A nearly-$4\log n$ depth lower bound for formulas with restriction on top

TL;DR

This paper advances the understanding of depth lower bounds for formulas with restricted top layers, achieving nearly 4 log n lower bounds by strengthening previous results and simplifying key components in the analysis.

Contribution

It proves a nearly 4 log n depth lower bound for formulas with top layers restricted to AND gates, improving previous bounds and simplifying the core analysis.

Findings

Establishes a nearly 4 log n depth lower bound for restricted formulas.

Shows the well-mixed set of functions can be simplified for stronger bounds.

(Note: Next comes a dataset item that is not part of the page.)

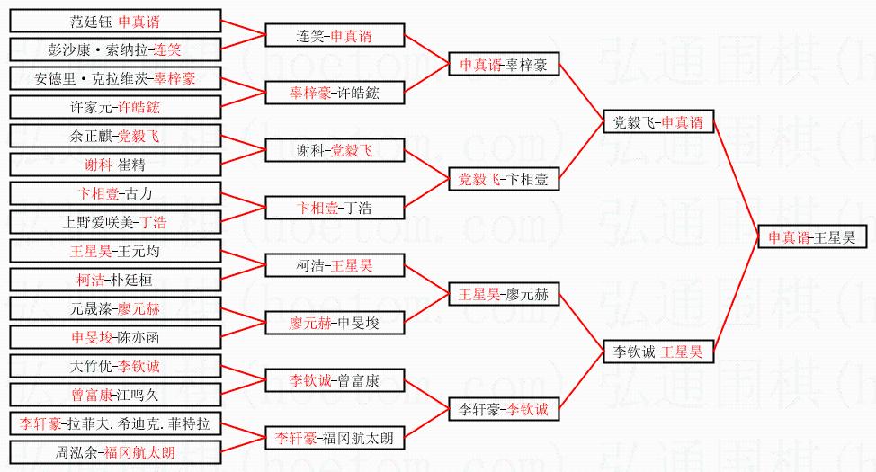 | 1.申真谞获得冠军,王星昊获得亚军。决赛比分:申真谞2:0王星昊。棋局: | ||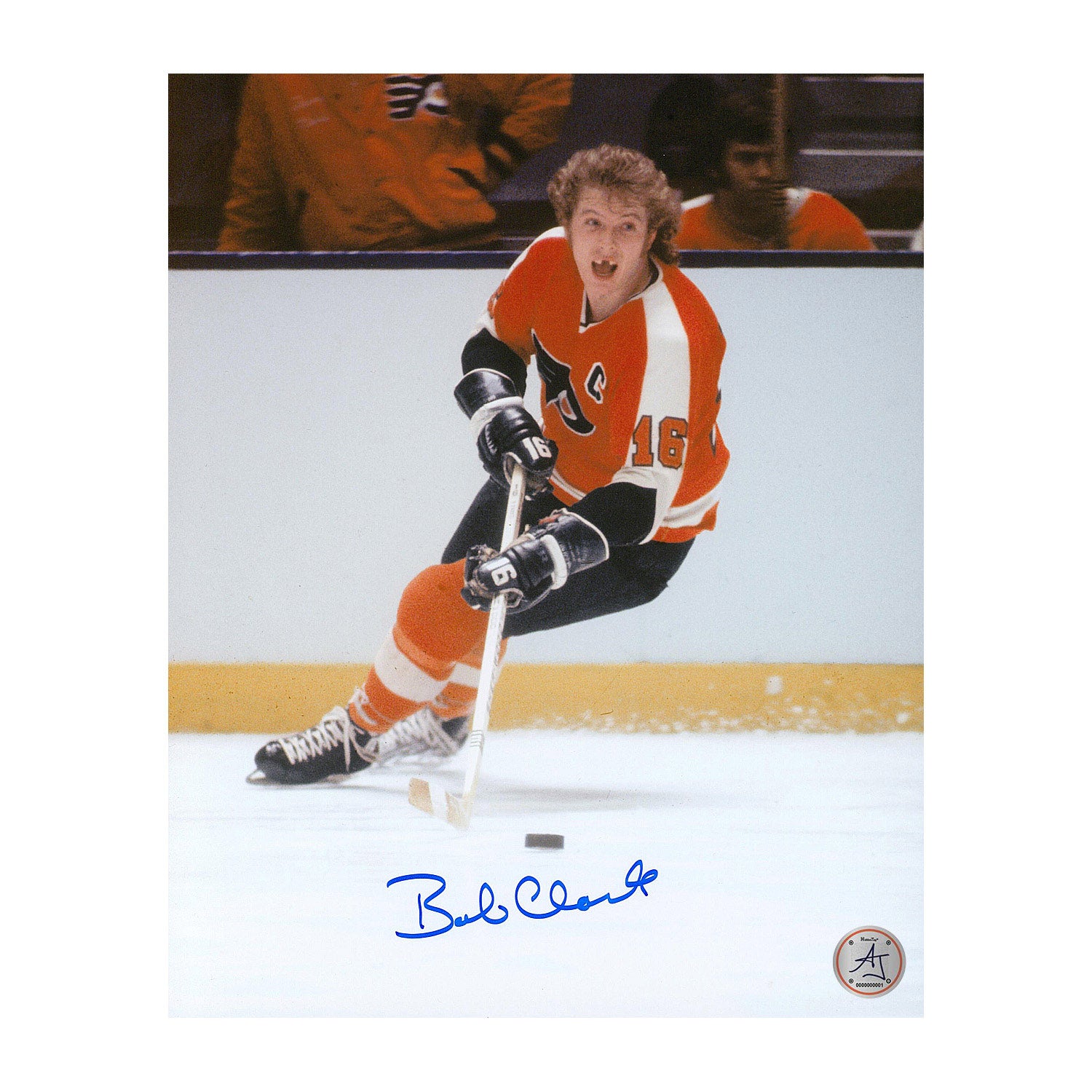 • This 8x10 photo is hand-signed by Bobby Clarke.

Provides a more careful analysis leading to nearly tight results.

Abstract

One of the major open problems in complexity theory is to demonstrate an explicit function which requires super logarithmic depth, a.k.a, the $\mathbf{P}$ versus $\mathbf{NC^1}$ problem. The current best depth lower bound is $(3-o(1))\cdot \log n$, and it is widely open how to prove a super-$3\log n$ depth lower bound. Recently Mihajlin and Sofronova (CCC'22) show if considering formulas with restriction on top, we can break the $3\log n$ barrier. Formally, they prove there exist two functions $f:\{0,1\}^n \rightarrow \{0,1\},g:\{0,1\}^n \rightarrow \{0,1\}^n$, such that for any constant $0<\alpha<0.4$ and constant $0<\epsilon<\alpha/2$, their XOR composition $f(g(x)\oplus y)$ is not computable by an AND of $2^{(\alpha-\epsilon)n}$ formulas of size at most $2^{(1-\alpha/2-\epsilon)n}$. This implies a modified version of Andreev function is not computable by any circuit of depth $(3.2-\epsilon)\log n$ with the restriction that top $0.4-\epsilon$ layers only consist of AND gates for any small constant $\epsilon>0$. They ask whether the parameter $\alpha$ can be push up to nearly $1$ thus implying a nearly-$3.5\log n$ depth lower bound. In this paper, we provide a stronger answer to their question. We show there exist two functions $f:\{0,1\}^n \rightarrow \{0,1\},g:\{0,1\}^n \rightarrow \{0,1\}^n$, such that for any constant $0<\alpha<2-o(1)$, their XOR composition $f(g(x)\oplus y)$ is not computable by an AND of $2^{\alpha n}$ formulas of size at most $2^{(1-\alpha/2-o(1))n}$. This implies a $(4-o(1))\log n$ depth lower bound with the restriction that top $2-o(1)$ layers only consist of AND gates. We prove it by observing that one crucial component in Mihajlin and Sofronova's work, called the well-mixed set of functions, can be significantly simplified thus improved. Then with this observation and a more careful analysis, we obtain these nearly tight results.